▶ ACTIVITY: Which lines below contain the word "ręcznie"? Copy each of them.

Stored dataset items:
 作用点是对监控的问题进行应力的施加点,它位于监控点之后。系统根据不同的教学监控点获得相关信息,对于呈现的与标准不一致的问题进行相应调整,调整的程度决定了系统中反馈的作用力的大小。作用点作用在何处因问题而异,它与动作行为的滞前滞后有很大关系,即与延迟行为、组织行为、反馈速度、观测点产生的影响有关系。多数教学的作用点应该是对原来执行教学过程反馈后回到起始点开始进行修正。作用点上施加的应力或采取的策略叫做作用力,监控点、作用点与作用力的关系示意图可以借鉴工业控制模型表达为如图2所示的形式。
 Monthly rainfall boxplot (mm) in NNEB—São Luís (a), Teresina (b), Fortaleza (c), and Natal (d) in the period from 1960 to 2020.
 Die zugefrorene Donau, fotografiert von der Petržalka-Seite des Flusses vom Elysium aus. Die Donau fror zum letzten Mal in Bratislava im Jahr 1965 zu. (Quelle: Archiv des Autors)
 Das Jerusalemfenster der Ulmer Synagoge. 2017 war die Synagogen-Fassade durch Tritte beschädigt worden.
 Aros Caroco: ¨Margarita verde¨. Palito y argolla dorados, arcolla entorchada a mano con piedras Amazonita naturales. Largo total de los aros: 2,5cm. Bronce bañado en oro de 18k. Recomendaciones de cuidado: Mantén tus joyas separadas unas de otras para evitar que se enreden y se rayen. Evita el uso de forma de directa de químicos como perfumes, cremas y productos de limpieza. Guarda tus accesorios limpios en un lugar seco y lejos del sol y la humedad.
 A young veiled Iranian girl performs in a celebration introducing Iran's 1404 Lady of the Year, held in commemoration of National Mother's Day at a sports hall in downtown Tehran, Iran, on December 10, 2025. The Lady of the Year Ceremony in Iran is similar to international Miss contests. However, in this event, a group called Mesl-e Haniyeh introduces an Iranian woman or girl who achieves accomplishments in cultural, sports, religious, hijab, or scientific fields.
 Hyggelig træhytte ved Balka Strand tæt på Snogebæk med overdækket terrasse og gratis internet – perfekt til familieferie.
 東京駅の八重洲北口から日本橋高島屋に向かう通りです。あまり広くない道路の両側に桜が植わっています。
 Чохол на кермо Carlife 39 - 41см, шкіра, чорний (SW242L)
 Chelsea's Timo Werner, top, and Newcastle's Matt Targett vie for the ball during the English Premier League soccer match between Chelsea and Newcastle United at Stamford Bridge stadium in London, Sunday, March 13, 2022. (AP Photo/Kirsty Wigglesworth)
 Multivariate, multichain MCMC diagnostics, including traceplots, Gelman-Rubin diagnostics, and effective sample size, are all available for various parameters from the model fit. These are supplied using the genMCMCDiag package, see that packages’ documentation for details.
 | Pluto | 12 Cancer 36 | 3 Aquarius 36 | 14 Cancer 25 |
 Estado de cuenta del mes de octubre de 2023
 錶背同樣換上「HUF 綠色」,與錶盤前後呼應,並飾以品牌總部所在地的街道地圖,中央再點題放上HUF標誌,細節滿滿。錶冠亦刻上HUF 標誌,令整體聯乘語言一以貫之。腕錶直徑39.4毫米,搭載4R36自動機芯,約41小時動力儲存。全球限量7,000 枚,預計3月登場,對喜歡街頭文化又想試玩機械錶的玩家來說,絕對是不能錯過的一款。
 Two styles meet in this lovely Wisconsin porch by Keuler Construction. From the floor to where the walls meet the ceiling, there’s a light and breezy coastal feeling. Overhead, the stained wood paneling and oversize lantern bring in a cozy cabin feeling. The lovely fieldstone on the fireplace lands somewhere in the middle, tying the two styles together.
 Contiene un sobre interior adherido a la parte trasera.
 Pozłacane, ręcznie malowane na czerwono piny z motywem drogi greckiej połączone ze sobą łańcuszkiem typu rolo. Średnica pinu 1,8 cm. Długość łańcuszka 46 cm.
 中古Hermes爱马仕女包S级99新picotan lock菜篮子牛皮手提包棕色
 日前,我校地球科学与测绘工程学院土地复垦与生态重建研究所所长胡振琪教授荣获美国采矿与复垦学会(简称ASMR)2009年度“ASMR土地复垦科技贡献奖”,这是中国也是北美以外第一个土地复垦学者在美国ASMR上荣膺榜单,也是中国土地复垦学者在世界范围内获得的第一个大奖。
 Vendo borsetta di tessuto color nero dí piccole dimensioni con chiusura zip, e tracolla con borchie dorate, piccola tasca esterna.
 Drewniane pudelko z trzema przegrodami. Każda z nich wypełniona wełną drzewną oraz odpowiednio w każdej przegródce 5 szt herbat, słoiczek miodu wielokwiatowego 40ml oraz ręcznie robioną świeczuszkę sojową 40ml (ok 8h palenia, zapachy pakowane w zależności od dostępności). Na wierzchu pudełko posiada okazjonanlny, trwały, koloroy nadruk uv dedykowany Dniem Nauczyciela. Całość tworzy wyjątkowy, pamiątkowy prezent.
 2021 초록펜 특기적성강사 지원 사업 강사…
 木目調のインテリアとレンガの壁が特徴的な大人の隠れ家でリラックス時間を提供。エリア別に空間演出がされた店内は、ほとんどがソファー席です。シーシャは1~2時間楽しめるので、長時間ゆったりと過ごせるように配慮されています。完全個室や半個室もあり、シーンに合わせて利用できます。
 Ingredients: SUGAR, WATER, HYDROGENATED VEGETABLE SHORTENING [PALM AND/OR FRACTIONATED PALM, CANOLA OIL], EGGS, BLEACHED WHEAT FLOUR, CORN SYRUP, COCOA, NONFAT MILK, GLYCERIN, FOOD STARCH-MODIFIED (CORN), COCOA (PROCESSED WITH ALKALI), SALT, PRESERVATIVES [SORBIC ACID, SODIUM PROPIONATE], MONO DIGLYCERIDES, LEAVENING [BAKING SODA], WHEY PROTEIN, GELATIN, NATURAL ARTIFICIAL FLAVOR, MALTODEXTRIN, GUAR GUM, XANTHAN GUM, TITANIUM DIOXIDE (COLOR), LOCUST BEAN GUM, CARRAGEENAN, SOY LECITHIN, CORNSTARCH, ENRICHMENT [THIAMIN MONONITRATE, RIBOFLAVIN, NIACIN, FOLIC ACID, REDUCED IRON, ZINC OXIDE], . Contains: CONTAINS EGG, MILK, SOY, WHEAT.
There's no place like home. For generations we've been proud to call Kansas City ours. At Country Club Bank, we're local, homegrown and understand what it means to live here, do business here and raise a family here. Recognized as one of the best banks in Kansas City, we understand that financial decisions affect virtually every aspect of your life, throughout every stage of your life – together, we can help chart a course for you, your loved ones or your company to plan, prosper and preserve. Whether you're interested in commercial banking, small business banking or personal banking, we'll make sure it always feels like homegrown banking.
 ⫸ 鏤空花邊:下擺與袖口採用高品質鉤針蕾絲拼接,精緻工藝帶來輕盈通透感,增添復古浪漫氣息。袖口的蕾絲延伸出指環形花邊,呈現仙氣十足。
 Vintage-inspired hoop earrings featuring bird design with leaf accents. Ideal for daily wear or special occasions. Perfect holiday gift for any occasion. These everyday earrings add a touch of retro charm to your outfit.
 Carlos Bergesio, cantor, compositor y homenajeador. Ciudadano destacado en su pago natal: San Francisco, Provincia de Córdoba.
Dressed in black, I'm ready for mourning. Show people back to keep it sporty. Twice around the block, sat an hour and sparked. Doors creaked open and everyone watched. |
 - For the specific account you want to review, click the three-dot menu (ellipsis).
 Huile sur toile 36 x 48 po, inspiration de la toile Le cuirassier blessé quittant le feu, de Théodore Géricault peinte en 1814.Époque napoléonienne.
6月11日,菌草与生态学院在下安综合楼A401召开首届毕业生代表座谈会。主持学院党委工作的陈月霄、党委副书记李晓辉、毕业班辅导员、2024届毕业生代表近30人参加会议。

▶ OUTPUT FOR THIS TASK:
 Pozłacane, ręcznie malowane na czerwono piny z motywem drogi greckiej połączone ze sobą łańcuszkiem typu rolo. Średnica pinu 1,8 cm. Długość łańcuszka 46 cm.
 Drewniane pudelko z trzema przegrodami. Każda z nich wypełniona wełną drzewną oraz odpowiednio w każdej przegródce 5 szt herbat, słoiczek miodu wielokwiatowego 40ml oraz ręcznie robioną świeczuszkę sojową 40ml (ok 8h palenia, zapachy pakowane w zależności od dostępności). Na wierzchu pudełko posiada okazjonanlny, trwały, koloroy nadruk uv dedykowany Dniem Nauczyciela. Całość tworzy wyjątkowy, pamiątkowy prezent.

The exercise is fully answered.